Some men were set to fell great trees to saw into planks; others went to unrigging the ship; some made a house to put our goods in and for the sail-maker to work in. The country people resorted to us and brought us of the fruits of the island, with hogs, and sometimes turtle; for which they received rice in exchange, which we had a shipload of, taken at Manila.
We bought of them also a good quantity of their pitchy liquor, which we boiled, and used about our ship’s bottom. We mixed it first with lime which we made here, and it made an excellent coat and stuck on very well.
We stayed in this harbour from the 16th day of March till the 16th of April; in which time we made a new suit of sails of the cloth that was taken in the prize. We cut a spare main-top-mast and sawed plank to sheath the ship’s bottom; for she was not sheathed all over at Mindanao, and that old plank that was left on then we now ripped off and clapped on new.

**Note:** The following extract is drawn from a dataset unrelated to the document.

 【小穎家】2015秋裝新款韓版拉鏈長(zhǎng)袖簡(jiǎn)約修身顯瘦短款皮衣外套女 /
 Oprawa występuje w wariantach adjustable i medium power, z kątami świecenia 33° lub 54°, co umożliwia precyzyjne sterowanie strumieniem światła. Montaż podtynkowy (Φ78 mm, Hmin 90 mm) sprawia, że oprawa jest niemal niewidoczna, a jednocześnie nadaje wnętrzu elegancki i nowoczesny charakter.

While we lay here two of our men died, who were poisoned at Mindanao, they told us of it when they found themselves poisoned and had lingered ever since.
They were opened by our doctor, according to their own request before they died, and their livers were black, light and dry, like pieces of cork.

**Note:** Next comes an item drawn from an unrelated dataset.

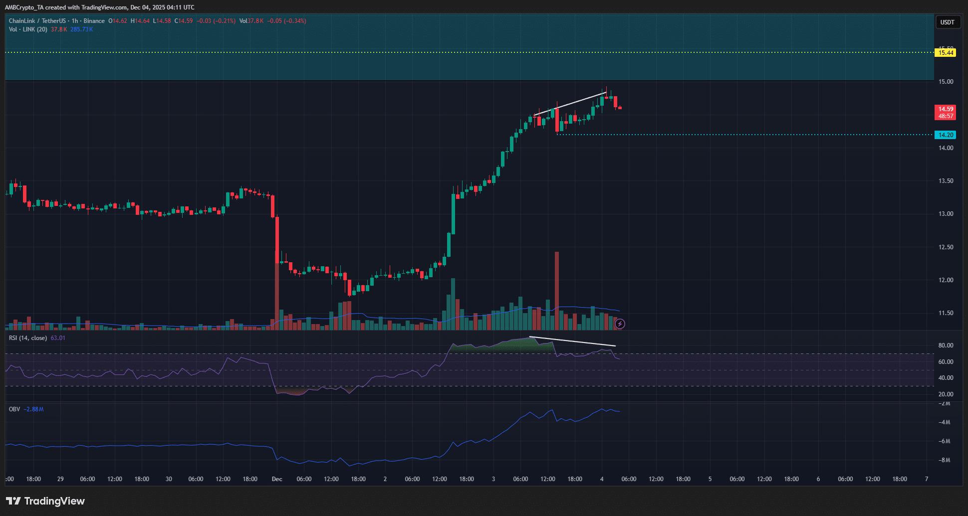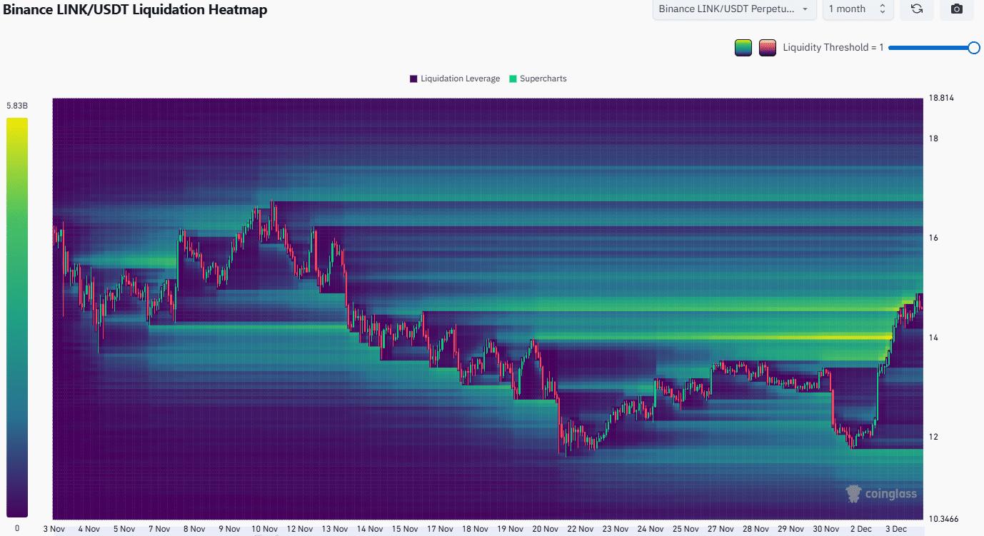清算热力图显示,LINK 的价格扫过了 13.6 美元至 15 美元的关键磁化区域。虽然上方还有更多空头清算,但它们并不像磁化区域那样密集。

THEY TAKE IN WATER, AND A PILOT FOR THE BAY OF SIAM.
Our business being finished here we left the Spanish prize taken at Manila, and most of the rice, taking out enough for ourselves, and on the 17th day we went from hence to the place where we first anchored, on the north side of the great island, purposely to water; for there was a great stream when we first came to the island, and we thought it was so now.
But we found it dried up, only it stood in holes, two or three hogsheads or a tun in a hole: therefore we did immediately cut bamboos and made spouts through which we conveyed the water down to the seaside by taking it up in bowls, and pouring it into these spouts or troughs. We conveyed some of it thus near half a mile.
While we were filling our water Captain Read engaged an old man, one of the inhabitants of this island, the same who I said could speak the Malayan language, to be his pilot to the Bay of Siam; for he had often been telling us that he was well acquainted there, and that he knew some islands there where there were fishermen lived who he thought could supply us with salt-fish to eat at sea; for we had nothing but rice to eat.
The easterly monsoon was not yet done; therefore it was concluded to spend some time there and then take the advantage of the beginning of the western monsoon to return to Manila again.
The 21st day of April 1687 we sailed from Pulo Condore, directing our course west by south for the Bay of Siam. We had fair weather and a fine moderate gale of wind at east-north-east.